Grian made a frustrated noise, almost a sob, and Mumbo faltered. “No– no, that’s not– everyone died. I killed him with my hands and it took too long, and– and you said he’s here, and I know you– I know you, why– why do I have a Mumbo, I don’t get this. Does this usually happen? I’ll just— players just go to bed and have weird dreams, and straight-up don’t remember anything when they wake up and it’s not morning yet? Is it supposed to come back?”
“Honestly, if you’re awake in the morning and we’re still having this problem, we can deal with it then,” Mumbo said, deciding to be decisive. That was the first test of decisiveness, then, wasn’t it, deciding that he’d make a decision about deciding— jeez, that could go on forever, stopping there– “I’ll build a lightning rod and we’ll zap your memories back into you, or we’ll talk to X if that doesn’t work.”
Grian’s mouth twitched. “So, lightning rod first, is what I’m hearing. You’re going to electrocute me about this.”
“Best to see if that does the trick, I’d say,” Mumbo said sheepishly— probably there were other, more effective machines for this that he could ask their friends about— “and if we’re loud enough about it Scar might show up to watch, so that could help?”
Another long moment passed. Grian pulled his wings closer to his back.
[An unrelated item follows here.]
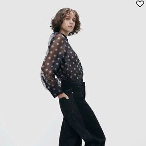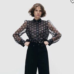 EUC H&M Studio Black Pink Organza Polka Dot Blouse with Puffed sleeves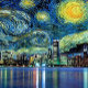 "Starry Night in Famous Waves" Canvas Print with by Vincent van Gogh.

“You’re a very strange man,” he finally said, voice hitching just the slightest bit. “I can see why you need watching, or at least some sort of ally, you’d be lost without one, running about threatening lightning rods and machines— we’ll figure it out in the morning, then. That’s– that can work fine, you and me. I’ll remember how I got here, and you’ll stay by me in case something— something does go wrong.”
Mumbo couldn’t imagine what could go so wrong that Grian would need guarding by him, but he said, “Right, yeah, of course I will,” anyway, and that seemed to settle him. He let Mumbo inch closer to claim half the bed again, and he rested his head on Mumbo’s shoulder, and before long he was fast asleep, which was convenient because it meant Mumbo could follow his example.
As it turned out, though, he couldn’t quite manage to get to sleep himself. He sat by Grian as his chest rose and fell, his best friend curling into himself like he wanted to protect his softest parts, shuddering intermittently like he was teetering on the edge of another bizarre dream, and stayed awake until the morning.